Task prompt
Starting with the line that contains "Hat is in overall", copy each line exactly through the end of the listing, and omit all pictures.

Dataset excerpt
┄┄┄┄┄┄

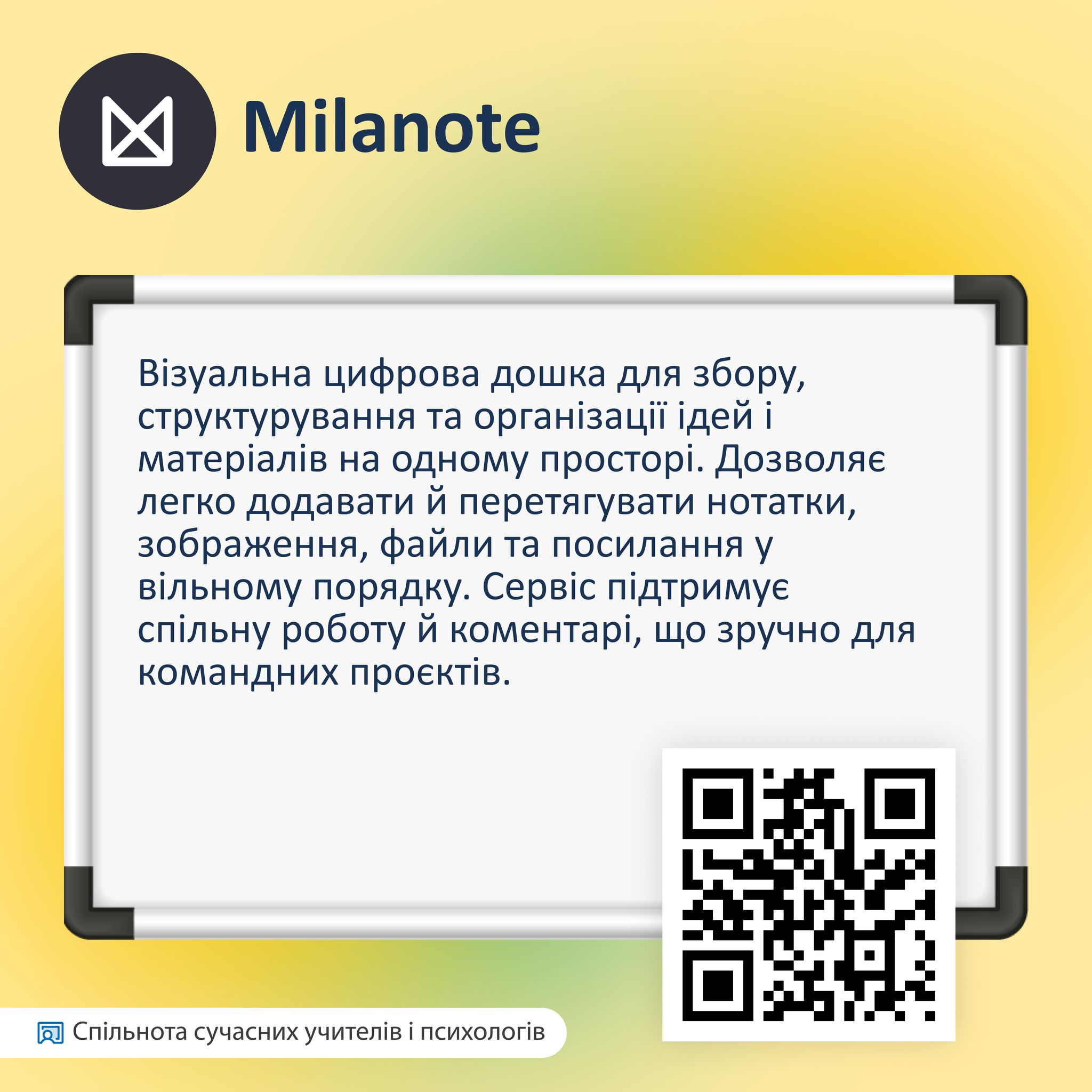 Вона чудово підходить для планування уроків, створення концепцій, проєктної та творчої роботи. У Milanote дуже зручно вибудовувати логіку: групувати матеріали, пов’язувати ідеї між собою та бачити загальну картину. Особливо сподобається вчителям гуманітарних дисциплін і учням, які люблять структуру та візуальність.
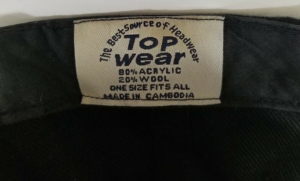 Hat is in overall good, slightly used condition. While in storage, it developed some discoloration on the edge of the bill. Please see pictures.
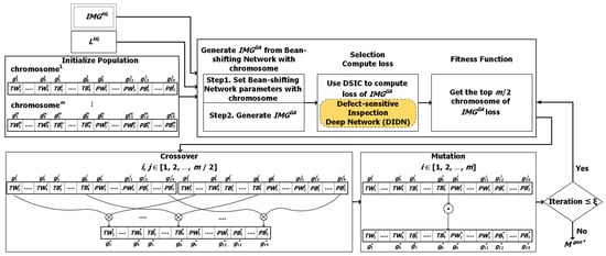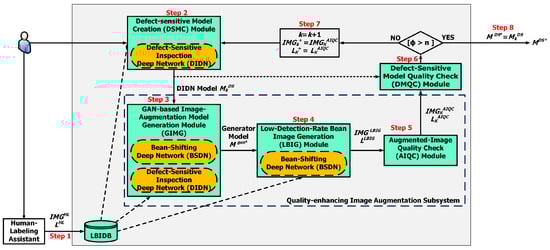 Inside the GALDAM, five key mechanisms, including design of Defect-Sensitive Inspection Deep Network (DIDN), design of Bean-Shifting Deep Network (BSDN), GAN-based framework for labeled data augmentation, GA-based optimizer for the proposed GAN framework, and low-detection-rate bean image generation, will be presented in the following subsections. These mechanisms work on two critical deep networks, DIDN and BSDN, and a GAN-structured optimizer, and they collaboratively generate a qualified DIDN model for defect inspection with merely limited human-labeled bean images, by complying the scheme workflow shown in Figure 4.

┄┄┄┄┄┄

Answer for this exercise
 Hat is in overall good, slightly used condition. While in storage, it developed some discoloration on the edge of the bill. Please see pictures.
 Inside the GALDAM, five key mechanisms, including design of Defect-Sensitive Inspection Deep Network (DIDN), design of Bean-Shifting Deep Network (BSDN), GAN-based framework for labeled data augmentation, GA-based optimizer for the proposed GAN framework, and low-detection-rate bean image generation, will be presented in the following subsections. These mechanisms work on two critical deep networks, DIDN and BSDN, and a GAN-structured optimizer, and they collaboratively generate a qualified DIDN model for defect inspection with merely limited human-labeled bean images, by complying the scheme workflow shown in Figure 4.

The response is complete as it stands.